Notified bodies are government accredited, mostly private companies that take over sovereign tasks on behalf of national authorities.
Definition: Conformity Assessment Body and Notified Body
„‘conformity assessment body’ means a body that performs third-party conformity assessment activities including calibration, testing, certification and inspection;
‘notified body’ means a conformity assessment body designated in accordance with this Regulation;“
According to the Medical Device Directive (MDD) respectively Medical Device Regulation (MDR) medical device manufacturers have to involve these notified bodies in the conformity assessment process.
E.g. typical tasks of notified bodies include:
That means that notified bodies such as the TÜVs act decisively on the "approval" (a conformity assessment by the manufacturer itself) of medical devices.
The balancing act, that the notified bodies have to deal with, is that on the one hand they are in competition with each other and might be tempted by winning customers (the Medical Device Manufacturers) through generous checks.
On the other hand, they are being checked themselves (in the past (too) laxly) by the authorities and must therefore ensure that no safety-critical products are placed on the market.
If you need an overview of the notified bodies (in Germany), please check out the website of the DIMDI, the German Institute for Medical Informatics, a government organization belonging to the German Ministry of Health.
Additionally, the EU website is recommended. This site will not only help in the search for countries, but also in the search for the directives, which the Notified Bodies are accredited for.
- Q: Do you recommend any notified body in particular?
A: The Johner Institute works well and trustfully with all notified bodies. Most of the notified bodies recommend our services.
As not all notified bodies are competent in all subject matters, we have to know more about your products in order to give a more specific recommendation. Do not hesitate to contact us.
- Q: Are there any differences in how demanding notified bodies enforce compliance with the regulations?
A: The differences between auditors of one notified body are more significant than the differences between the notified bodies.
- Q: Are there any differences with respect to costs?
A: Yes. Notified bodies are companies in a competitive environment. There are not obligations by government with respect to pricing. Therefore, we strongly encourage you to ask for a bid to compare the prices. Please make sure that the quotes are actually comparable. Let us know if you are looking for help.
- Q: Do I need a notified body at all? If yes, under with circumstances?
You always have to involve a notified body in the medical device approval process if your product does not fall into class I. Many notified bodies also operate testing labs. However, not all testing labs (e.g. usability or electrical and electro-magnetic safety) are notified bodies.
- Q: How long does it take until a notified body is auditing our quality management system?

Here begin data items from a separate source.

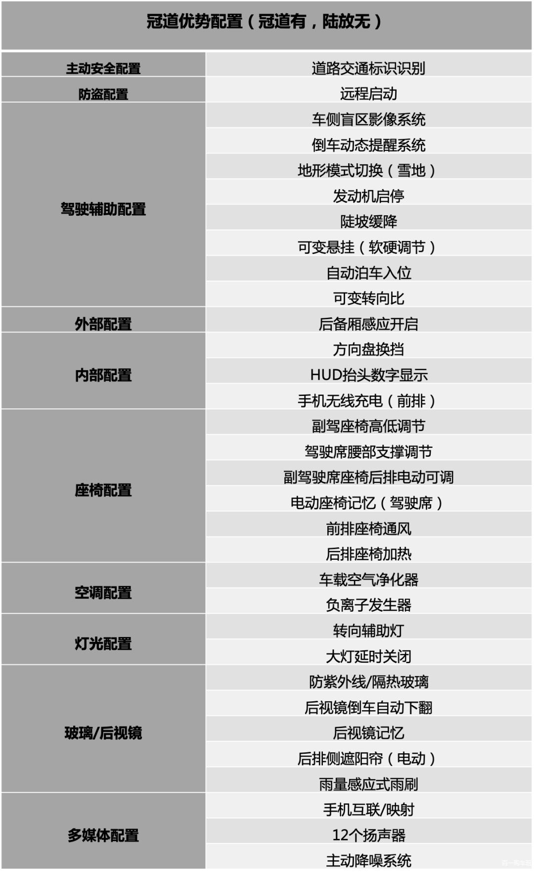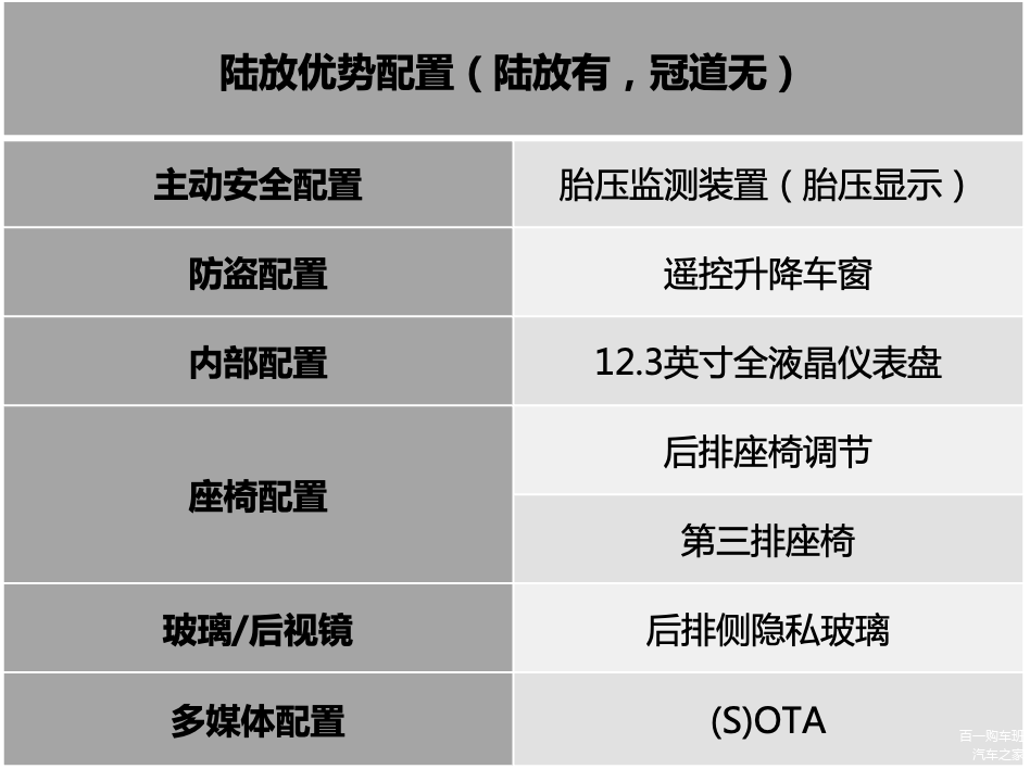 大致来看,冠道共计有近30多项主流配置占绝对优势,其中像驾驶辅助配置优势巨大。另外,座椅配置和玻璃/后视镜配置也有着不小的优势;反观陆放的优势配置,能对冠道造成压制的主流配置尚不超过10项。
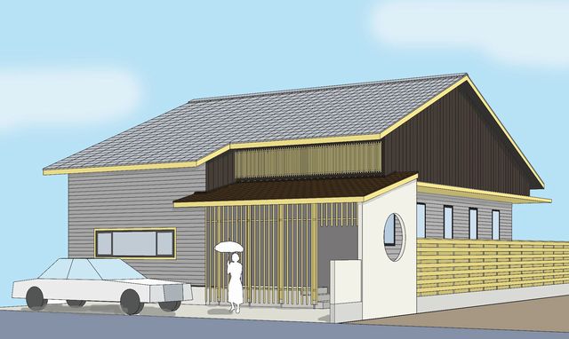 M様邸の外観パースです。 JW_cadの2.5Dという機能で下書きをし、フォトショップで着色しました。 フォトショップはベタ塗が早いので、結構早く描けます。 ムラなどがないため、イラスト風になりますね。 これでも、ある程度、雰囲気は掴んでいただけるのではないかと思います。
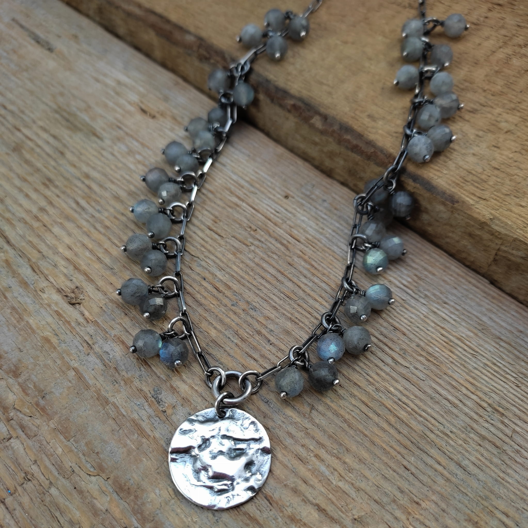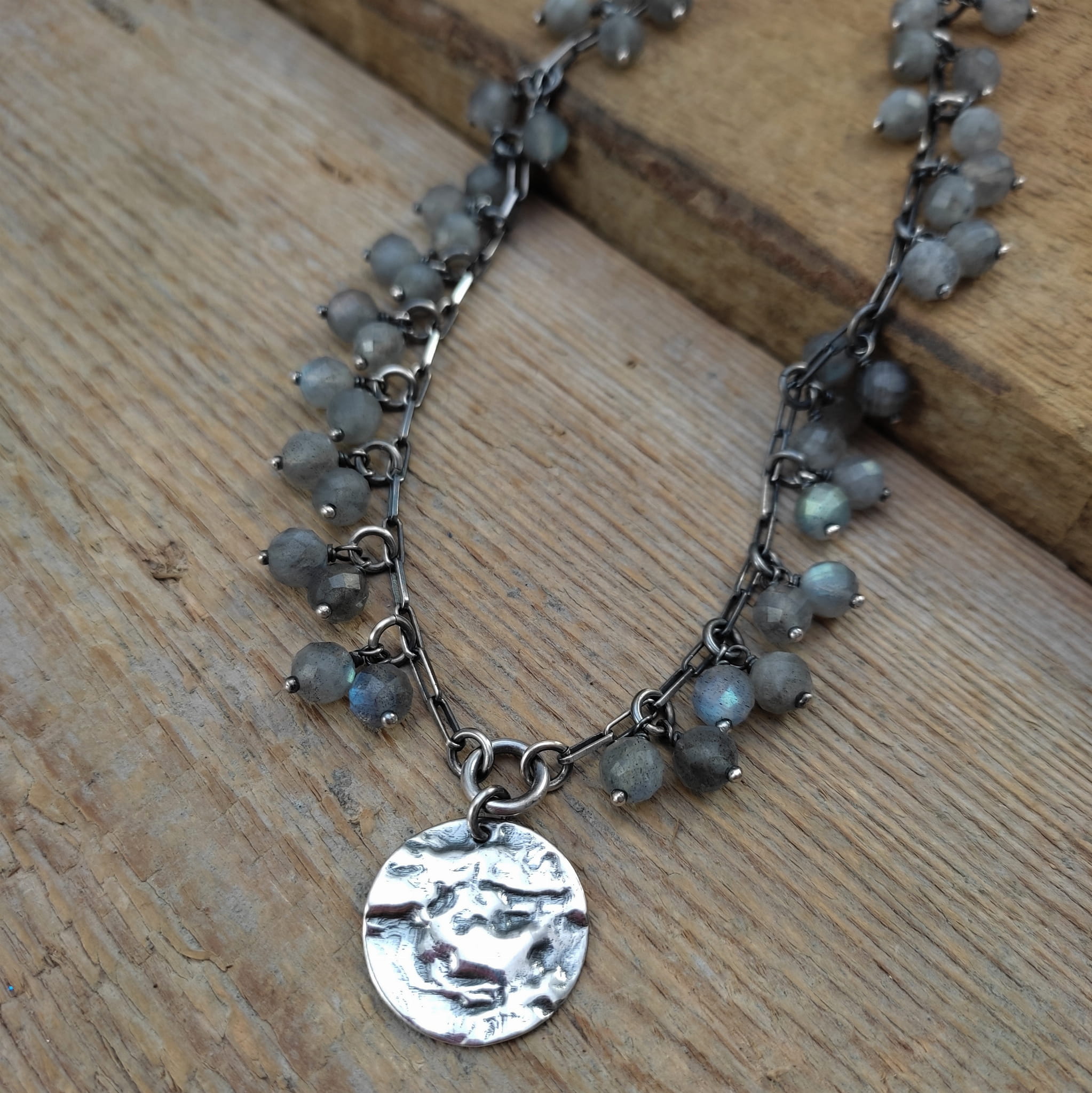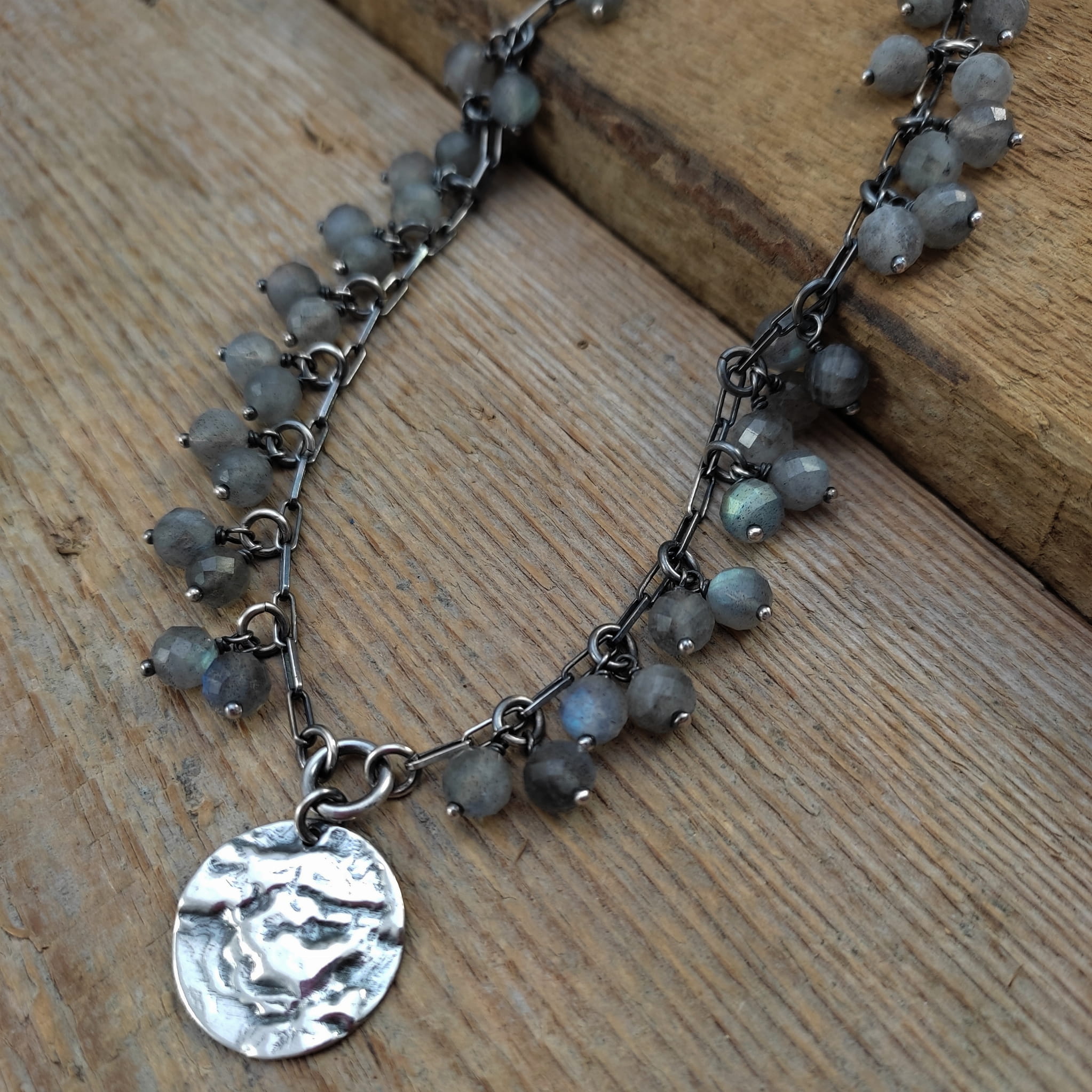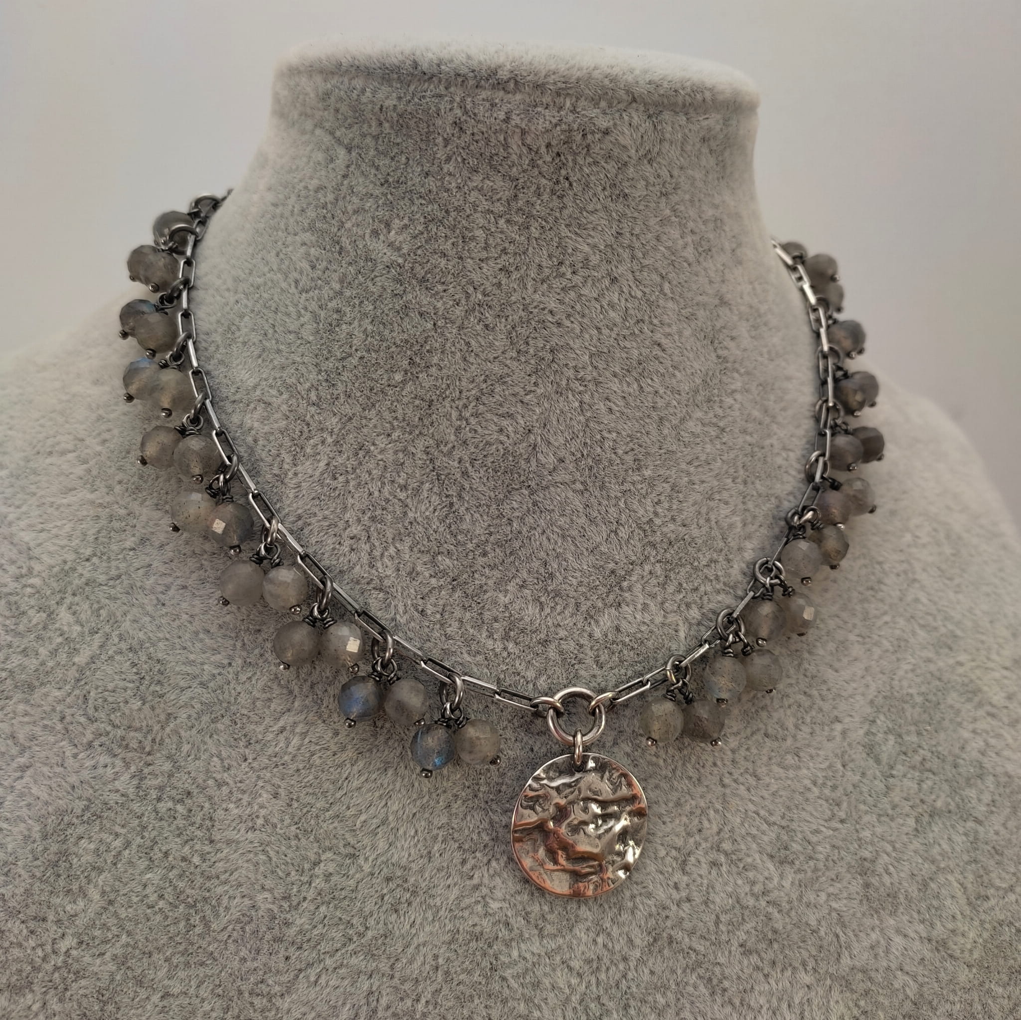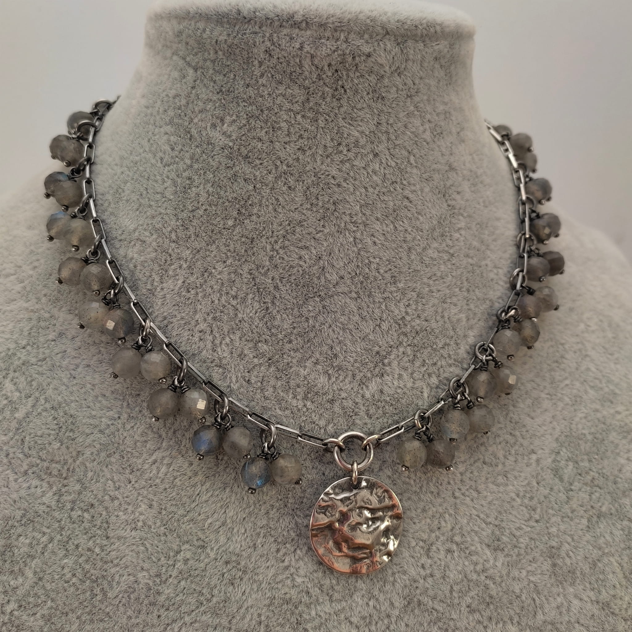 Naszyjnik wykonany z fasetowanych kul labradorytu 6 mm. Całość wykończona w srebrze 925, oksydowanym i wypolerowanym. Długość naszyjnika wynosi ok. 40/45/50 cm, plus łańcuszek regulacyjny 5 cm. (Proszę wpisać w komentarzu, w przypadku braku wysyłamy 45 cm). Wielkość blaszki ok. 19 mm.

A: A reliable answer is difficult. There are unfortunately notified bodies not even responding to customer requests. We also experienced situations when the notified body called back the very same day.
Generally speaking, it will take three to nine months between initial contact with the notified body and certification of the quality management system.
Please be aware that the number of notified bodies decreases, increasing the workload of the remaining notified bodies. This unfortunately also increases lead and response times.
Please be aware that there are institutions with accreditation to certify quality management systems, even according to ISO 13485. However, some do not have an accreditation to certify according to MDD respectively MDR. This is the exclusive right of notified bodies.